Облачко света, испускаемое лампой, зашевелилось.
Теперь только Майка заметила, что лампа — не электрическая, а свечная.
Под зеленым абажуром, на старинном столе горела свеча.
— А теперь, иди, — сказала умная грустная старуха. — Иди и смотри.
Девочка повиновалась.
— До свидания!
— До скорого свидания! — поправила ее Софья Львовна.
За дверью снова шумели. Попытка Дурня завершилась. Все куда-то стремились.
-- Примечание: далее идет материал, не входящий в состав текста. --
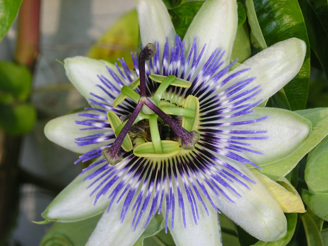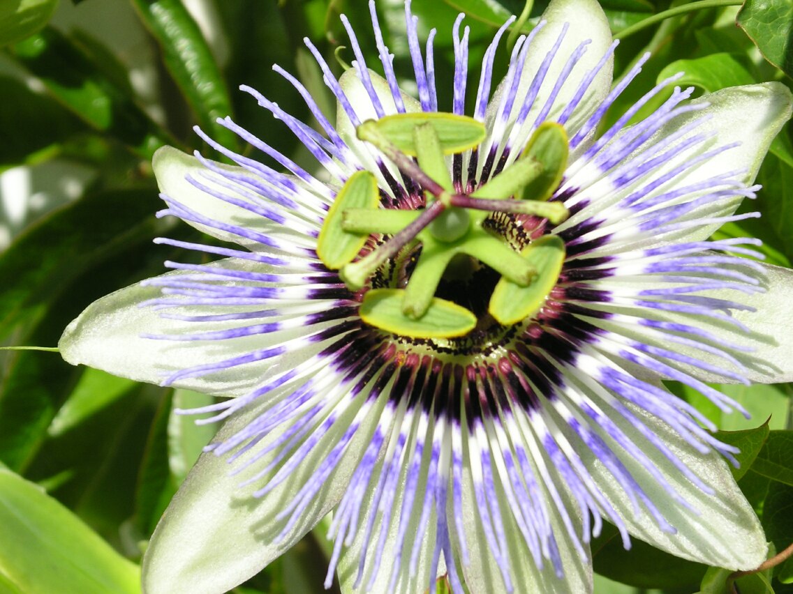 Und hier noch eine Premiere: Vor ein paar Tagen blühte diese aus Samen gezogene Kübelpassi nach acht Jahren erstmalig. Im Freiland hätte sie bestimmt viel früher geblüht.

Каждый жил своей жизнью.
Зелен виноград.
Снимость
Майка шла к директору и ничуть не боялась. Ей сделалось легко. Истины, которыми поделилась Софья Львовна, были трудны и даже печальны, но — странное дело! — сумели окрылить девочку.
Савонароловой на месте не оказалось, так что спрашивать, занят ли директор, Майке по счастью не пришлось. Она толкнула дверь и…
…никого не нашла.
Кабинет был пуст. Никифор находился где-то на другом конце «Детского мира» — наверное, определял Дурню его штатное место.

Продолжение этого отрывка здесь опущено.